Locate set (set index)
Check if any line in set has matching tag (tag)
Yes + line valid: hit
Locate data starting at offset

No match or not valid (= miss): - One line in set is selected for eviction and replacement - Replacement policies: random, least recently used (LRU) - lowest locality, …

Cache Write¶

Write Hit

When we write a word w that is already cached (write hit), first the cache updates its copy of w.
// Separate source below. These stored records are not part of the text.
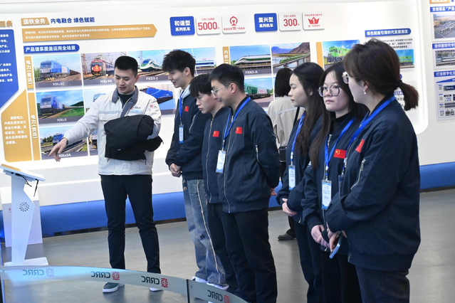 在公司相关部门负责人的陪同下,实践团成员首先参观中车大连机车总装车间。智能化生产线上的机械臂灵活作业,精准装配,彰显了中国轨道交通装备制造行业的卓越实力与创新能力。车间负责人向实践团队详细介绍了生产线的智能化改造成果,实践团成员对自动化控制系统、智能检测等技术有了进一步了解。
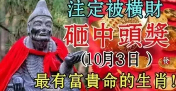10月3日開始註定被橫財(砸中頭獎)最有富貴命的生肖有你嘛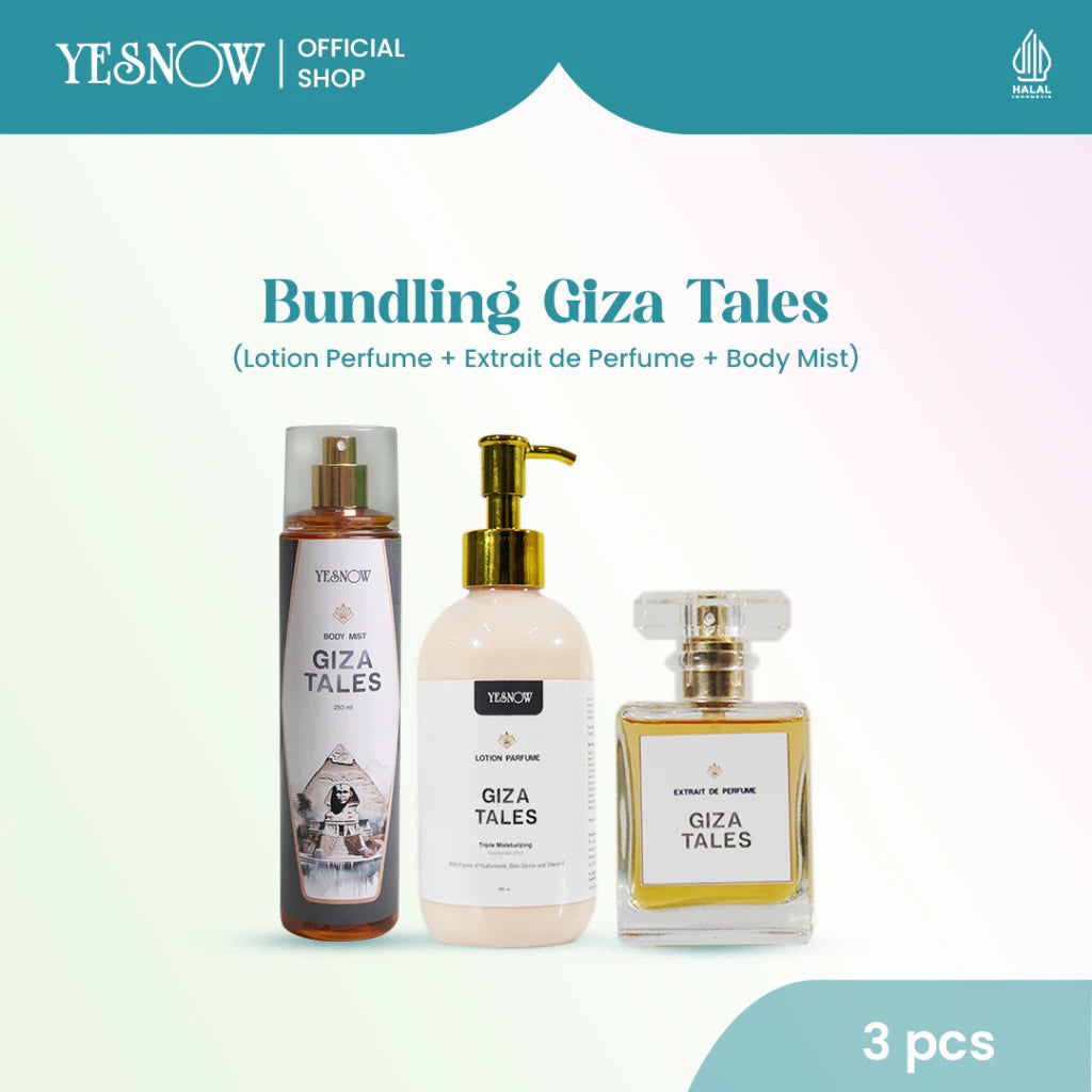 - Giza TalesKeharuman hangat dengan sentuhan freesia dan vanilla, menghadirkan kesan eksotis dan memikat seperti pesona gurun Giza. ( Aroma: oriental–vanilla | hangat | elegan )

Then, cache can do 2 things about updating the copy of w in the next lower level cache :
- Write-through
  - write immediately to memory
  - Advantage : Being simple
  - Disadvantage : causing bus traffic with every write.
- Write-back
  - Write-back defers the update as long as possible by writing the updated block to the next lower level only when it is evicted from the cache by the replacement algorithm.
  - defer write to memory until replacement of line
  - Advantage : Reducing the amount of bus traffic.
  - Disadvantage : Additional complexity - the cache must maintain an additional dirty bit for each cache line that indicates whether or not the cache block has been modified.
Write Miss
- Write-allocate
  - load into cache, update line in cache
  - Write-back caches are typically write-allocate.
  - Advantage : Can exploit spatial locality of writes
  - Disadvantage : Every miss results in a block transfer from the next lower level to the cache.
- No-write-allocate
  - writes straight to memory, does not load into cache
  - Write-through caches are typically no-write-allocate.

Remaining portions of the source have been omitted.